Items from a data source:
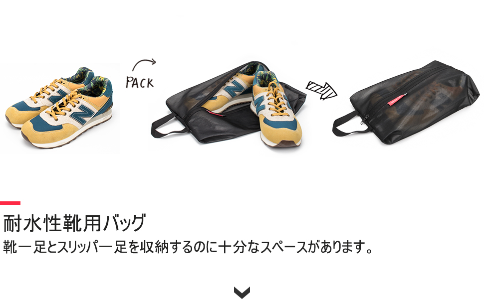 防水材質:ポリエステル素材。防水機能を持ち、 軽量で、旅行時に靴の収納に最適です。
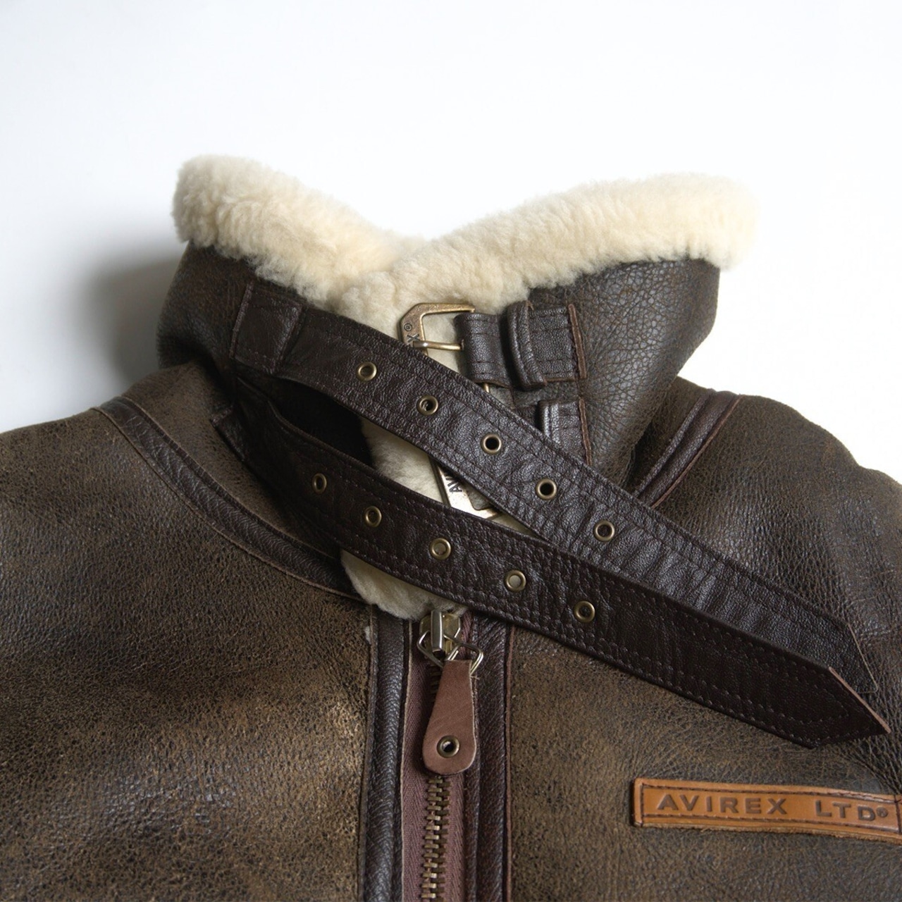 【胸ロゴ】AVIREX【B-3 ムートンボンバージャケット】38 ブラウン アヴィレックス フライト レザー ジャケット 25100463
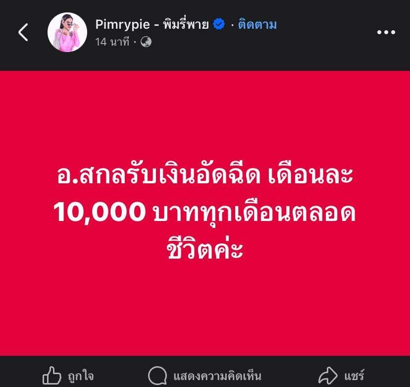 อ่านข่าวต้นฉบับได้ที่ : พิมรี่พาย อัดฉีด อ.สกล ทีมหมอนทองวิทยา เดือนละหมื่นตลอดชีวิต ลั่นสนามใหม่มาแน่
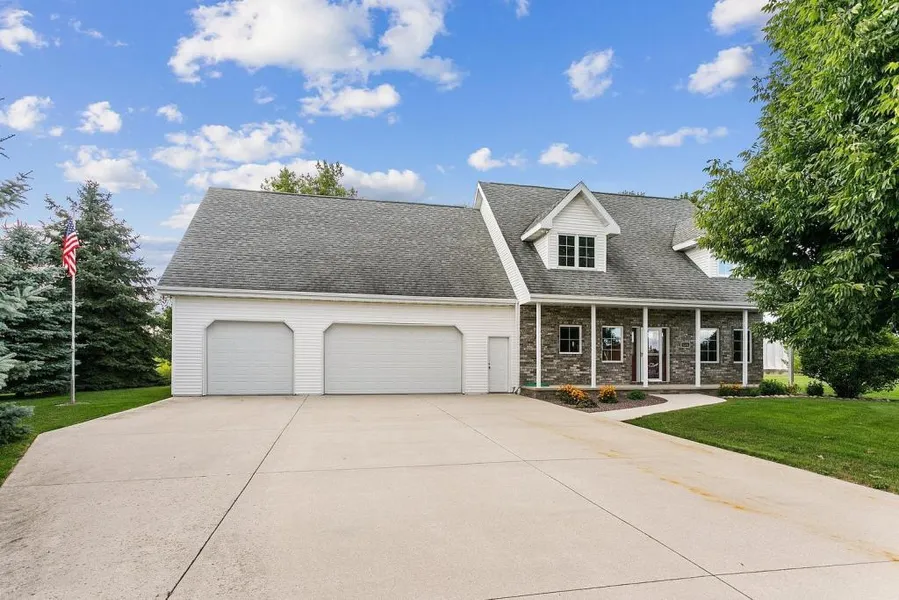 GREAT CURB APPEAL as you approach this stately cape cod features a large front porch to decorate or relax on! Located on a cul-de-sac in Hilbert with over .84 of an acre lot which you can look at from your large patio or covered back port! HUGE garage w/floor drains, deep storage closet, tall garage doors PLUS stairs to lower level from the garage. Beautiful mudroom w/full bath lockers plus a wall of storage is ideal when you come in the back door! Gorgeous kitchen w/GIGANTIC granite center island which is ideal for casual dining or perfect for those holiday gatherings and where to put the food?! Endless HICKORY cabinets quartz countertops...WOW! The formal dining room off the kitchen could be a 1st-floor office. The living room has a gas fireplace, a patio door to a spacious backyard with no neighbors! Upstairs has a great landing spot for an office or curl up with a good book reading area! 3 spacious bedrooms a full bath. Open railing to the foyer below for the 2-story foyer. BONUS! 30x16 unfinished bonus rm above garage! Finish for more living space or make it into a suite? 6-panel doors, tile floors the central vac system (stubbed in). A long list of updates makes this a well-kept home. New windows are coming up for upper-level rooms in October. 48-hour binding no binding on weekends.
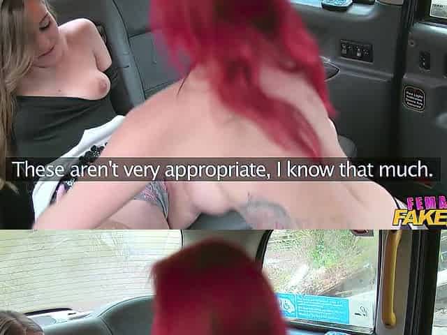 Female Fake Taxi Slutty breasty women in taxi lesbo backseat orgasms
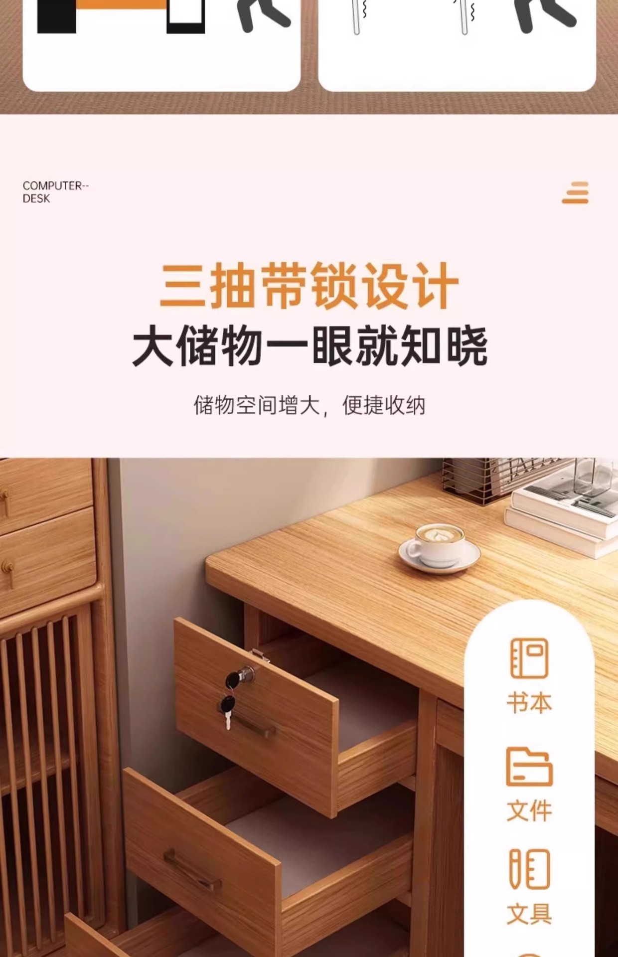 • [고품질 6층 고밀도 보드 - 서랍 3개 호스트 위치] 전원 참나무 색상 120*48CM
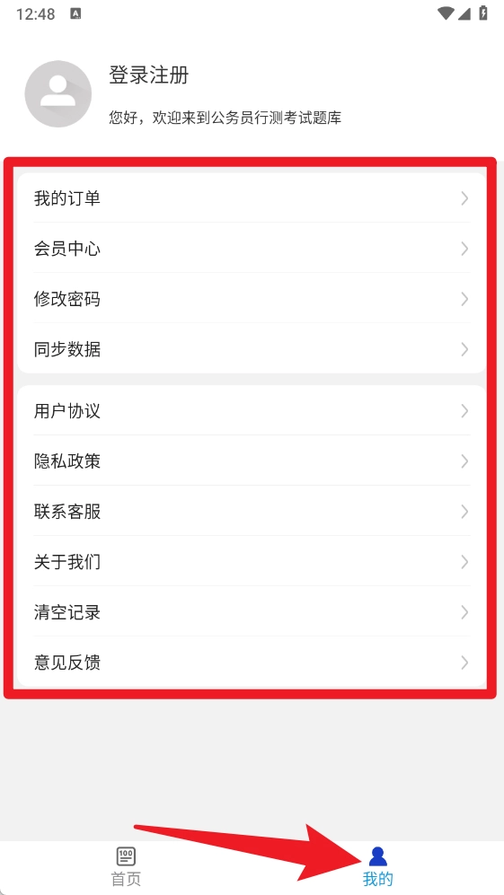 1、打开应用后,在考试选择界面选择国家公务员、省公务员考试类别或专项练习板块。

**WHAT THIS TASK INVOLVES**
Output only the lines from the start of the data through the line that holds "อ่านข่าวต้นฉบับได้ที่ : พิมรี่พาย". Keep them exact and leave the pictures out.

**ANSWER BELOW**
 防水材質:ポリエステル素材。防水機能を持ち、 軽量で、旅行時に靴の収納に最適です。
 【胸ロゴ】AVIREX【B-3 ムートンボンバージャケット】38 ブラウン アヴィレックス フライト レザー ジャケット 25100463
 อ่านข่าวต้นฉบับได้ที่ : พิมรี่พาย อัดฉีด อ.สกล ทีมหมอนทองวิทยา เดือนละหมื่นตลอดชีวิต ลั่นสนามใหม่มาแน่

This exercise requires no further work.